Panel: Failed authentication rate

  • Query: rate(graylog_stream_messages_total{stream="authentication-events"}[5m])

  • Visualisation: Time series

  • Title: Authentication events per minute

Panel: Active HTTP 5xx errors

  • Query: sum(rate(nginx_http_requests_total{status=~"5.."}[5m])) by (host)

  • Visualisation: Time series

Panel: Vault token issuance rate

  • Query: rate(vault_token_creation_total[5m])

  • Visualisation: Stat

Panel: Top source IPs (last hour)

  • This panel uses a Graylog data source rather than Prometheus. Add Graylog as a data source using the Graylog Grafana plugin and configure it to query the Web access stream. Dr. Crucible installed the plugin; if it is absent, grafana-cli plugins install graylog-datasource.

Save the dashboard and pin it to the home screen. Adora Belle should see it immediately on login.

Alerting from Grafana

Grafana alerting is used for threshold-based infrastructure alerts that complement Graylog’s log-based security alerts.
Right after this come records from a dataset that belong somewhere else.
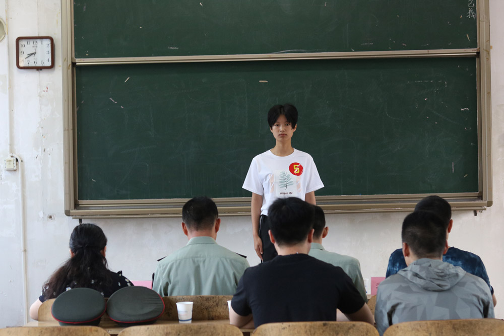 面试环节在上午8:30正式开始,每名应试者按抽签的先后顺序先进行简短的自我介绍,然后在3分30秒之内对自己从A、B、C、D四个题本中抽取的2个问题进行回答。面试题的内容涉及考察应试者的思想政治觉悟、道德素养、组织纪律性、组织协调能力、语言表达能力、突发事件处置能力等各方面的素质。大部分同学在面试过程中,落落大方,从容不迫,大胆地阐述自己的观点和处置突发事件的思路。
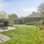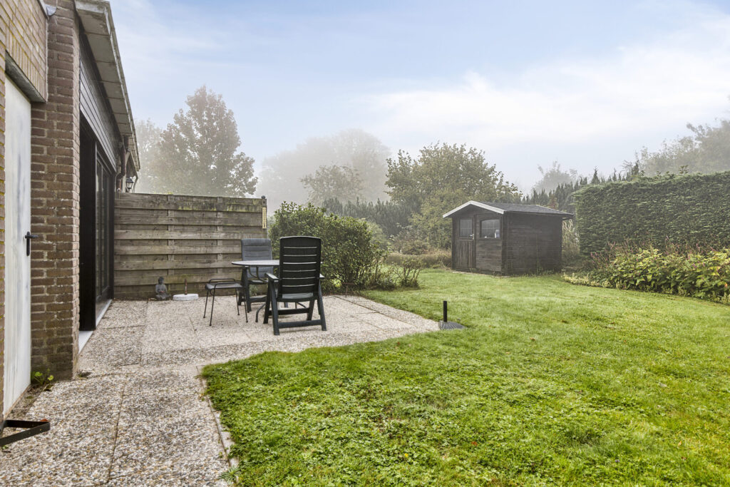 Achter de woning ligt een zonnige tuin met terras en gazon. Op het perceel staat een praktische berging.
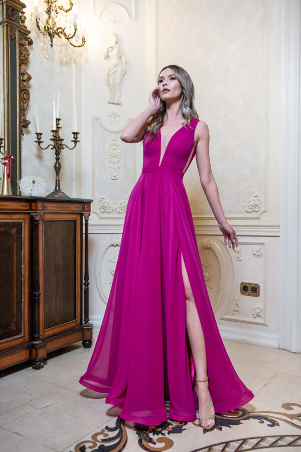 Rochie lunga realizata din tul de matase naturala 100%, Culoare Roz Fucsia, SOPHIA
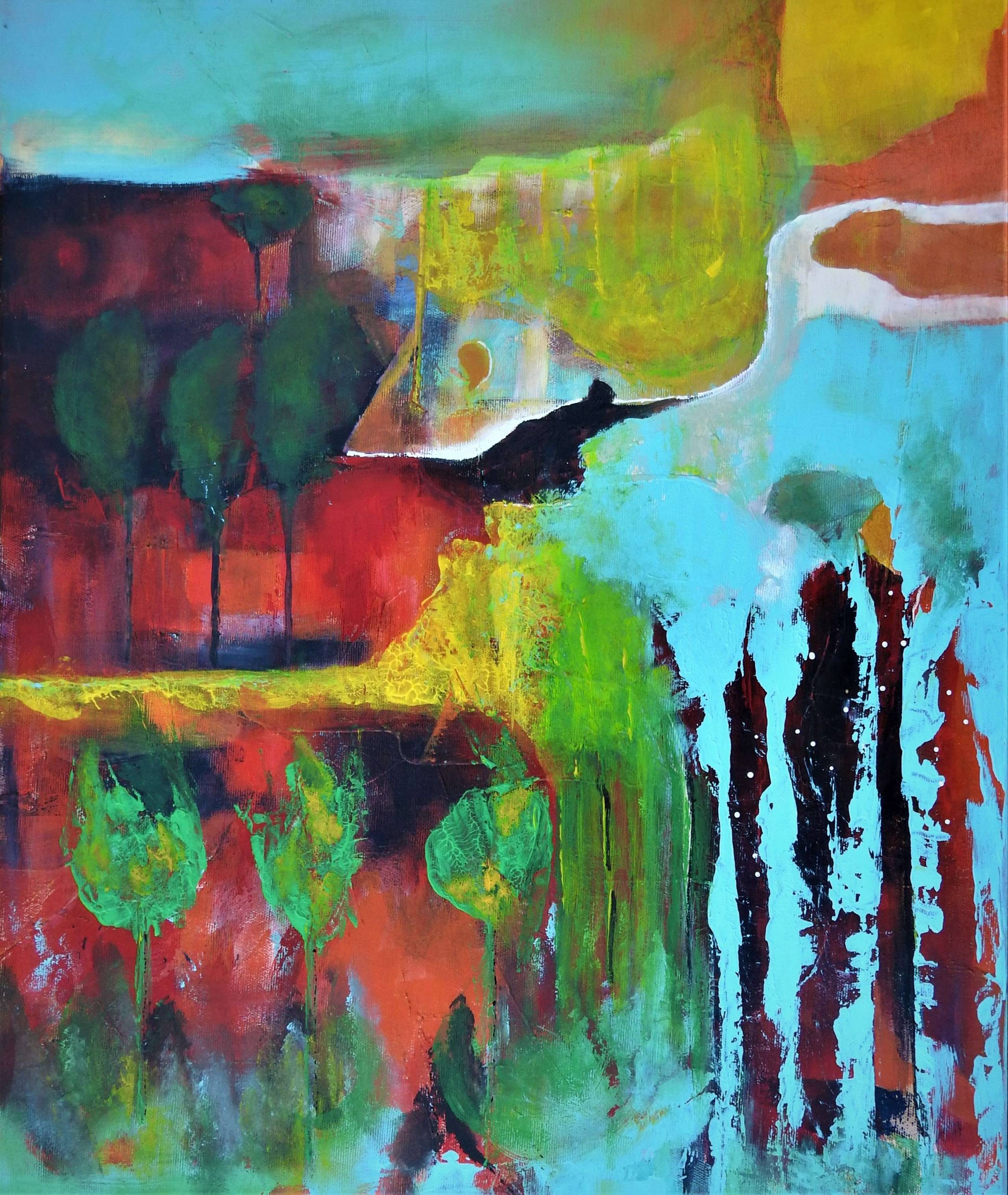 Optymistycznie ujęty temat natury : drzewa, woda, pola. Obraz abstrakcyjny akrylowy na podobraziu bawełnianym 60 x 50. Boczne krawędzie płótna zamalowane, zbędna więc rama. Zawerniksowany błyszczącym werniksem. Obraz sygnowany z przodu nazwiskiem autora / Alicja Wysocka i rok powstania 2020. Praca " Krajobraz z drzewami " może rozjaśnić współczesne wnętrze, dlatego też może stać się miłym prezentem, zwłaszcza dla młodych odbiorców nowoczesnej sztuki.

Navigate to Alerting, then Alert rules.

Create an alert for high CPU utilisation:

  • Name: High CPU utilisation

  • Query A: 100 - (avg by (instance) (rate(node_cpu_seconds_total{mode="idle"}[5m])) * 100)
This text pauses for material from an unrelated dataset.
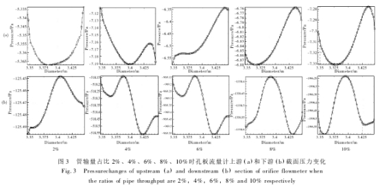 由圖3可(kě)知,一開始(shǐ),天然氣回(hui)流工況明(míng)顯,通過孔(kǒng)闆流👅量計(jì)的天然氣(qi)流量很小(xiao),流速很低(dī),導緻孔闆(pan)流量計上(shàng)下遊截面(miàn)處📐形成渦(wō)旋,壓力變(bian)化幅度較(jiao)大,流動極(jí)不均勻。當(dang)管輸量爲(wei)2%時,孔闆流(liu)量計上下(xia)遊截面壓(yā)力随軸線(xian)距離變化(hua)程度尤爲(wei)劇烈。随着(zhe)管輸量逐(zhu)漸增加,孔(kǒng)闆處的流(liú)動逐漸變(bian)得較爲均(jun)勻,但仍然(ran)受到上遊(yóu)回流渦旋(xuán)的影響,直(zhi)接導緻孔(kong)闆流量計(jì)入口和出(chū)口截面壓(yā)力随軸線(xiàn)距離變化(huà)幅度較大(da)。當流量接(jiē)近🐕臨界值(zhi)時,孔闆處(chù)的♍流動逐(zhú)漸變得均(jun1)勻☎️,孔闆流(liu)量計入口(kou)和出口截(jie)面的壓力(lì)變化幅度(dù)較爲穩定(ding),幾乎不受(shou),上遊回流(liu)渦旋的影(ying)響♻️。

  • Condition: is above 90

  • For: 5m (must be above threshold for 5 minutes before alerting)

  • Contact point: create a Slack contact point using the #infrastructure-alerts webhook from Vaultwarden

Create an alert for low disk space:

  • Name: Low disk space

  • Query A: (node_filesystem_avail_bytes{mountpoint="/"} / node_filesystem_size_bytes{mountpoint="/"}) * 100

  • Condition: is below 15

  • For: 10m

  • Contact point: Slack #infrastructure-alerts and email

These alert on infrastructure problems. Security alerts live in Graylog. Keep the two systems focused on their respective domains; mixing them creates noise and confusion about which system to check when something is wrong.